BEGIN

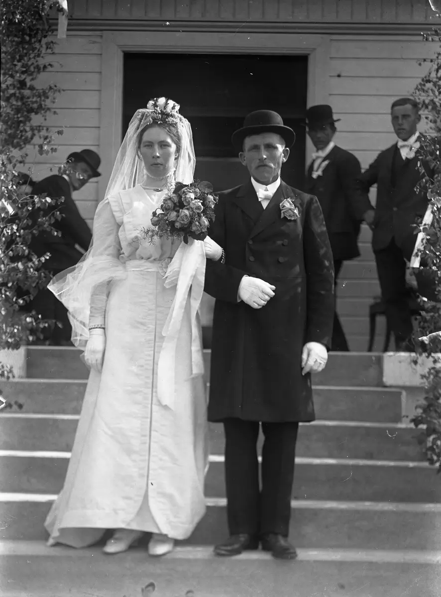 Masse har nog blivit ombedd att ta bröllopsfoto iom att det finns tre bilder av brudparet här ifrån trappan. Festföremålen ser lite spända ut, särskilt Anton verkar lite tafatt med sina vita handskar på det tredje fotot.
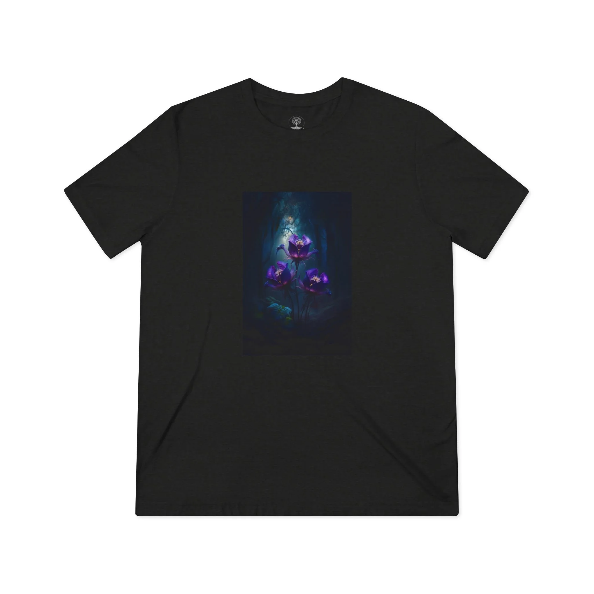 Purple Florals Full Bloom- Unisex Triblend Tee, Fantasy Lore, Nature, Creatures
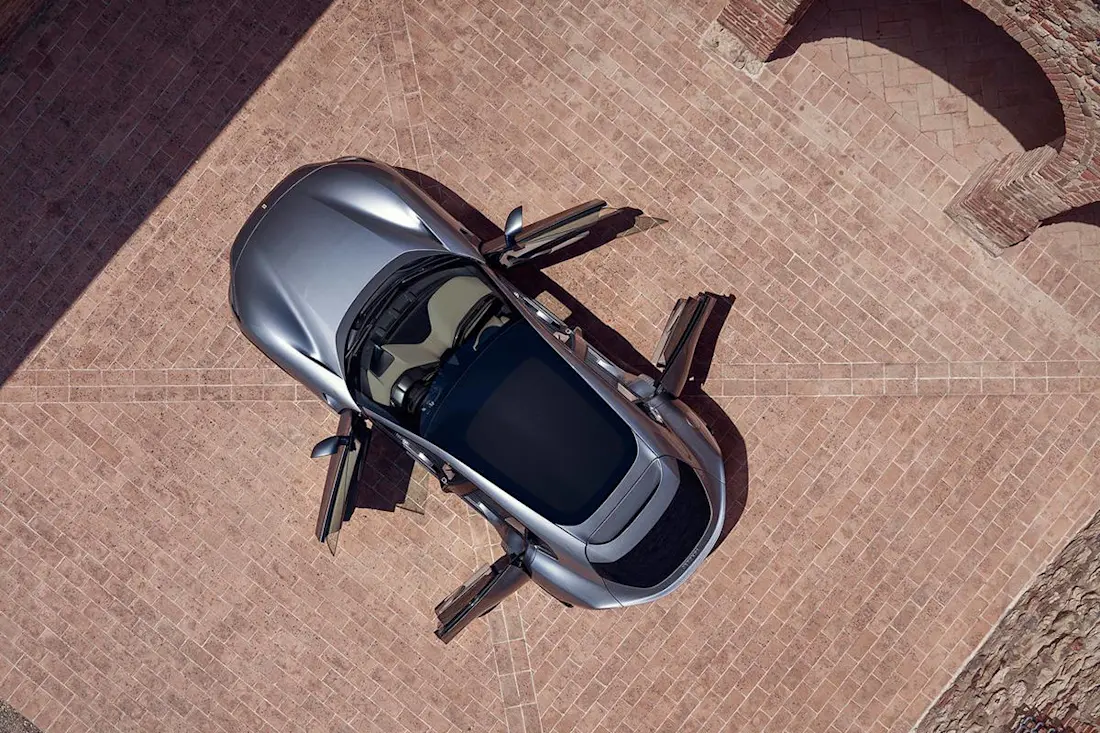 Zur Eleganz trägt auch eine weitgehend „cleane" Optik bei. Die vorderen Türgriffe sind betont klein und verschwinden gänzlich in der Karosserie. Die hinteren Türgriffe – ja, es ist der erste Ferrari mit vier Türen – sind gar nicht zu sehen, da es sich bei den beiden hinteren um gegenläufige Türen handelt. Sie werden per Knopfdruck mit elektrischer Hilfe geöffnet.
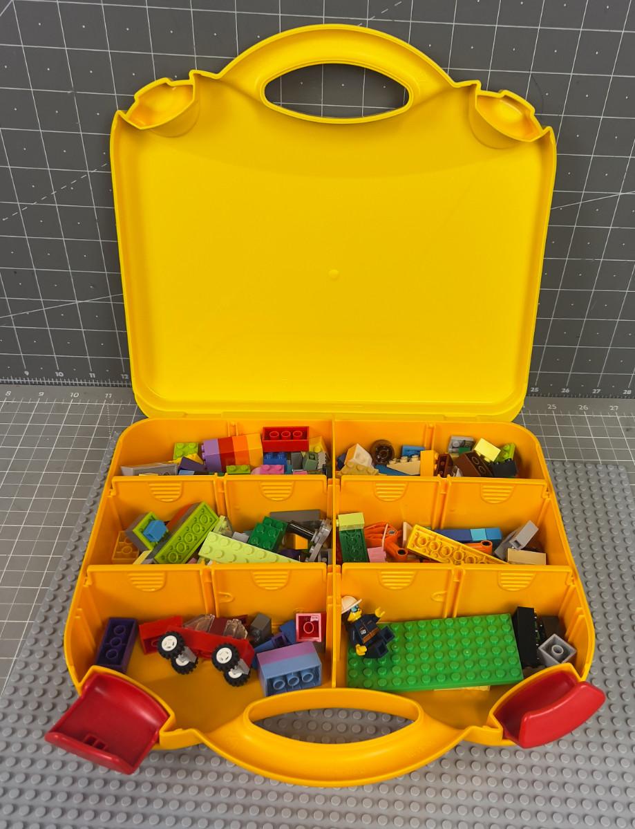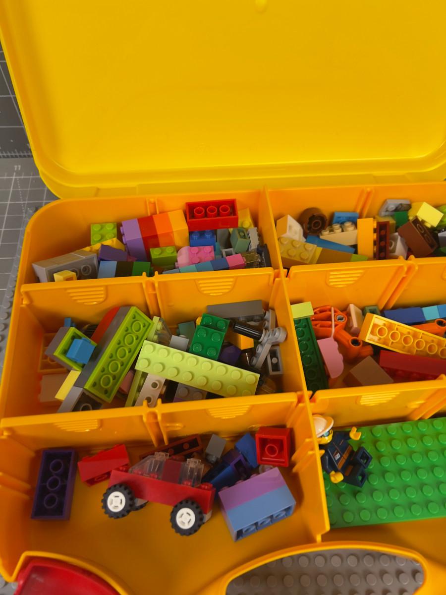 Legos, in a Lego Carrying Case, with a Lego Gray Mat
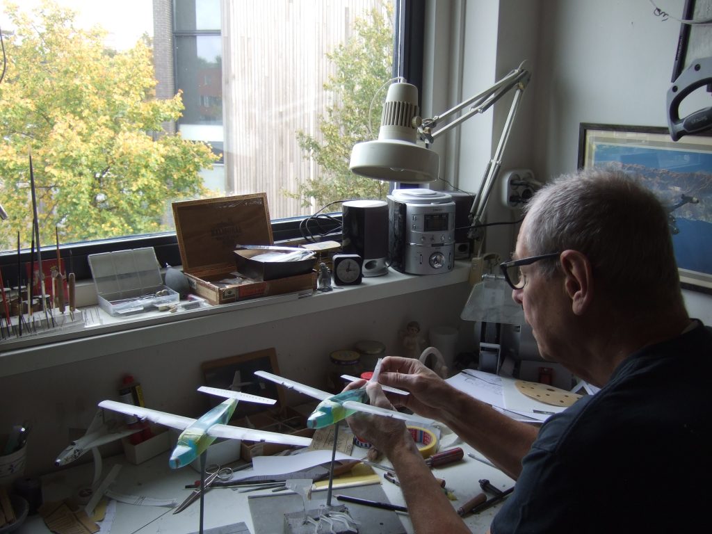 Behalve een Volvo Amazon was Bob inmiddels ook een vrouw en twee zoons rijk. ‘Bij een landelijke stichting in Noord-Holland werkte ik als provinciaal coördinator opvoedingsvoorlichting. Toen ik het daar niet meer naar mijn zin had, heb ik zonder overleg met mijn vrouw Nina, die baan opgezegd. Ik kwam nogal eens bij een modelbouwbeurs en het bleef mij niet onopgemerkt dat zelfgemaakte modellen zich onderscheiden van al wat uit de fabriek komt. Ik zag er brood in. Daarbij steunde Nina mij ruimhartig door me 5000 gulden beginkapitaal te lenen. Ik verwierp hout als materiaal omdat het steeds geplamuurd moet worden en koos voor perspex, ofwel plexiglas. Bij de Drugstore, de voorloper van het latere World of Wings, bestond er belangstelling voor diverse types vliegtuigen, waaronder de Douglas DC-2, de Uiver, en de Fokker F.XVIII, de Pelikaan. Er werd een deal gesloten dat ik die twee zou leveren voor elk 750 gulden. Toen ik ze daar in de etalage zag staan, stonden er prijzen bij van 1.500 gulden per stuk! Ik dacht: daar gaat mijn handel. Maar een dag later kreeg ik een telefoontje met een bestelling voor nog twee Uivers en nog twee Pelikanen. Toen was mijn bedrijfje een feit, liet ik me met Bel-Air Models inschrijven bij de KvK, en kon ik mijn lening snel afbetalen.”
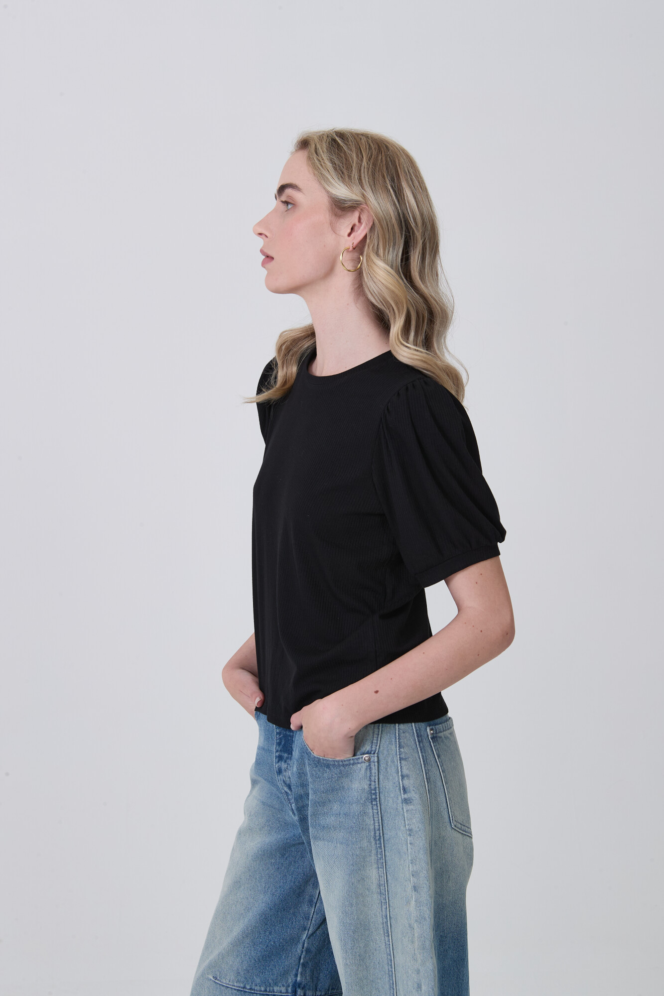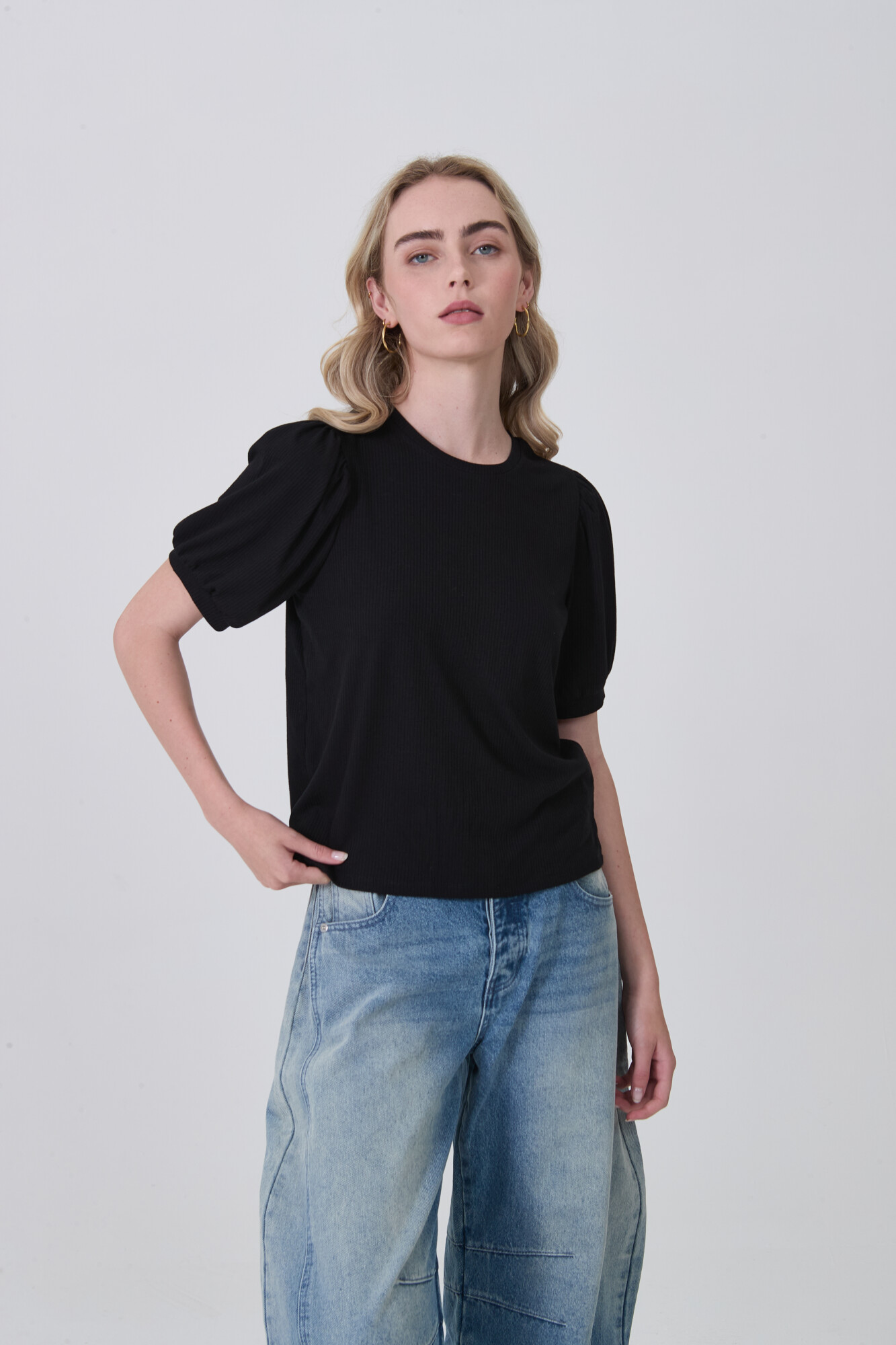 $ 479 Nuevos Remera manga abullonada de viscosa, frunces, al cuerpo y cuello redondo
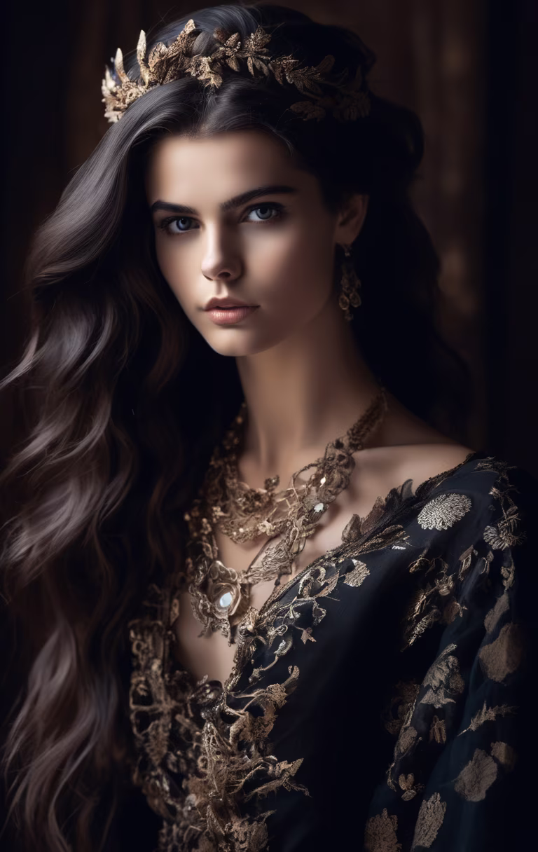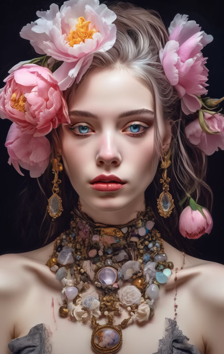 Prompt: gorgeous model, gemstone jewelry, long intricate volume hairstyle, a still life, unsplash contest winner, vanitas, moody light colors, photography from vogue magazine, insanely intricate details, trending on artforum, giger, Gerald Brom, peony
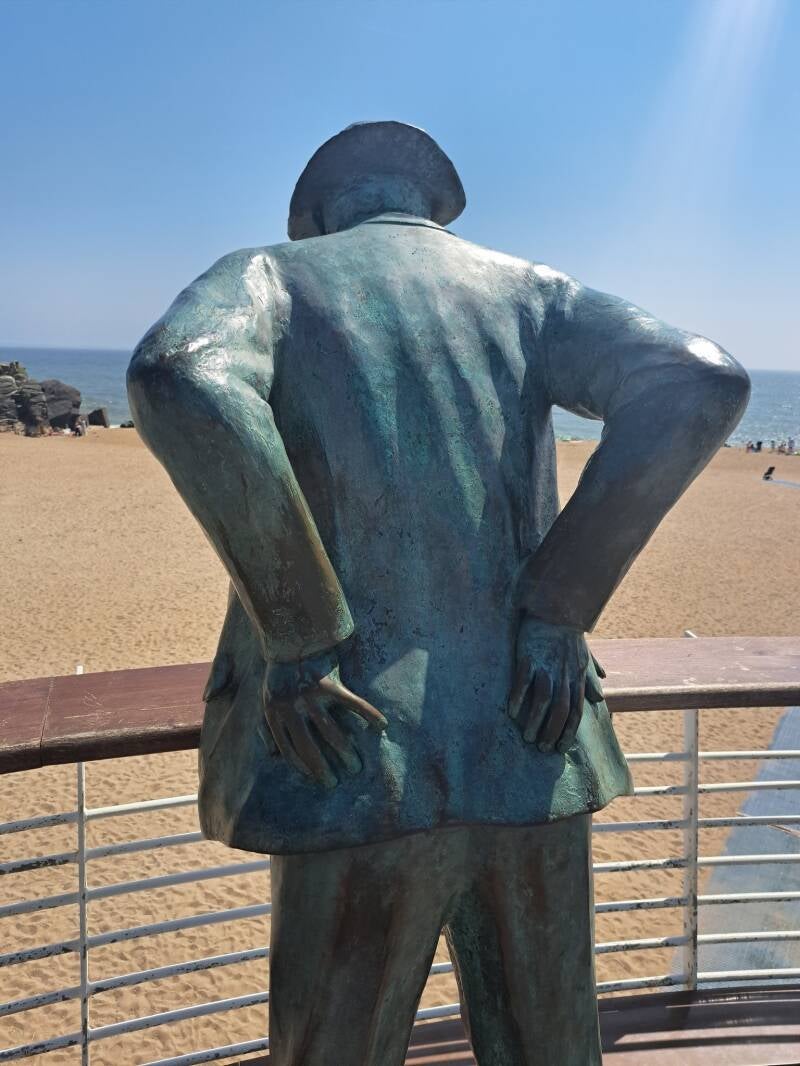 Monsieur Hulot was er zelf ook, want sinds 1999 staat er een bronzen beeld van hem dat over het strand uitkijkt. Licht voorovergebogen in een karakteristieke pose, want Tati had een lang lijf en als rasechte mimespeler benadrukte hij op die manier niet alleen zijn slungelachtige voorkomen, maar ook de onbeholpen gretigheid waarmee Monsieur Hulot contact zocht met anderen.
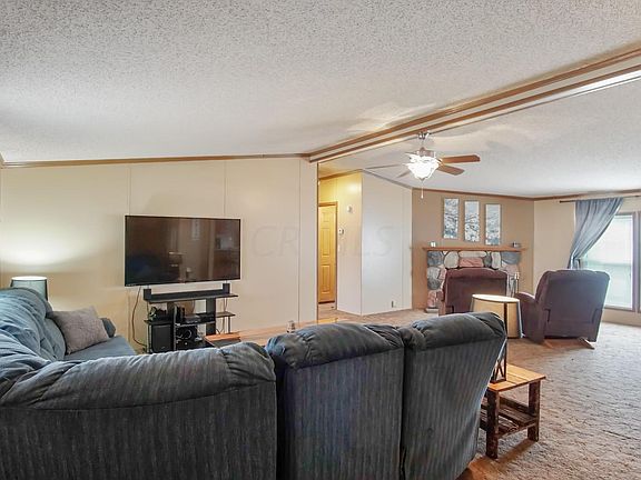 Everything on one floor makes this manufactured home easy to live in. The open living space features a fireplace. 3 bedrooms, all 3 offer walk-in closets and the master has master bath with a soaking tub. Large kitchen with tons of cabinet and counter space. Outside you can enjoy your covered patio. This home has a private driveway that offers 2 off street parking spots. Located close to schools, shopping and convenient freeway access. Columbus address in Hamilton Schools.
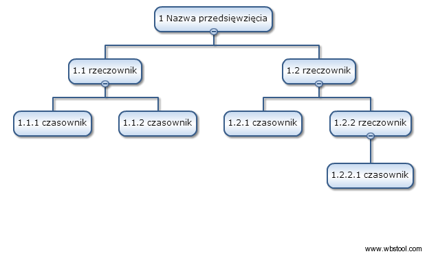 jest to sposób na zorganizowanie przedsięwzięcia w postaci drzewa. Korzeń to nasz cel. Od niego rozchodzą się główne zadania. Na kolejnych poziomach znajdują się poszczególne zadania do wykonania.

END

→ **EXERCISE**: Only the text of the records belongs in the answer, printed exactly and without pictures.

→ **SOLUTION TO THE EXERCISE**:
 Masse har nog blivit ombedd att ta bröllopsfoto iom att det finns tre bilder av brudparet här ifrån trappan. Festföremålen ser lite spända ut, särskilt Anton verkar lite tafatt med sina vita handskar på det tredje fotot.
 Purple Florals Full Bloom- Unisex Triblend Tee, Fantasy Lore, Nature, Creatures
 Zur Eleganz trägt auch eine weitgehend „cleane" Optik bei. Die vorderen Türgriffe sind betont klein und verschwinden gänzlich in der Karosserie. Die hinteren Türgriffe – ja, es ist der erste Ferrari mit vier Türen – sind gar nicht zu sehen, da es sich bei den beiden hinteren um gegenläufige Türen handelt. Sie werden per Knopfdruck mit elektrischer Hilfe geöffnet.
 Legos, in a Lego Carrying Case, with a Lego Gray Mat
 Behalve een Volvo Amazon was Bob inmiddels ook een vrouw en twee zoons rijk. ‘Bij een landelijke stichting in Noord-Holland werkte ik als provinciaal coördinator opvoedingsvoorlichting. Toen ik het daar niet meer naar mijn zin had, heb ik zonder overleg met mijn vrouw Nina, die baan opgezegd. Ik kwam nogal eens bij een modelbouwbeurs en het bleef mij niet onopgemerkt dat zelfgemaakte modellen zich onderscheiden van al wat uit de fabriek komt. Ik zag er brood in. Daarbij steunde Nina mij ruimhartig door me 5000 gulden beginkapitaal te lenen. Ik verwierp hout als materiaal omdat het steeds geplamuurd moet worden en koos voor perspex, ofwel plexiglas. Bij de Drugstore, de voorloper van het latere World of Wings, bestond er belangstelling voor diverse types vliegtuigen, waaronder de Douglas DC-2, de Uiver, en de Fokker F.XVIII, de Pelikaan. Er werd een deal gesloten dat ik die twee zou leveren voor elk 750 gulden. Toen ik ze daar in de etalage zag staan, stonden er prijzen bij van 1.500 gulden per stuk! Ik dacht: daar gaat mijn handel. Maar een dag later kreeg ik een telefoontje met een bestelling voor nog twee Uivers en nog twee Pelikanen. Toen was mijn bedrijfje een feit, liet ik me met Bel-Air Models inschrijven bij de KvK, en kon ik mijn lening snel afbetalen.”
 $ 479 Nuevos Remera manga abullonada de viscosa, frunces, al cuerpo y cuello redondo
 Prompt: gorgeous model, gemstone jewelry, long intricate volume hairstyle, a still life, unsplash contest winner, vanitas, moody light colors, photography from vogue magazine, insanely intricate details, trending on artforum, giger, Gerald Brom, peony
 Monsieur Hulot was er zelf ook, want sinds 1999 staat er een bronzen beeld van hem dat over het strand uitkijkt. Licht voorovergebogen in een karakteristieke pose, want Tati had een lang lijf en als rasechte mimespeler benadrukte hij op die manier niet alleen zijn slungelachtige voorkomen, maar ook de onbeholpen gretigheid waarmee Monsieur Hulot contact zocht met anderen.
 Everything on one floor makes this manufactured home easy to live in. The open living space features a fireplace. 3 bedrooms, all 3 offer walk-in closets and the master has master bath with a soaking tub. Large kitchen with tons of cabinet and counter space. Outside you can enjoy your covered patio. This home has a private driveway that offers 2 off street parking spots. Located close to schools, shopping and convenient freeway access. Columbus address in Hamilton Schools.
 jest to sposób na zorganizowanie przedsięwzięcia w postaci drzewa. Korzeń to nasz cel. Od niego rozchodzą się główne zadania. Na kolejnych poziomach znajdują się poszczególne zadania do wykonania.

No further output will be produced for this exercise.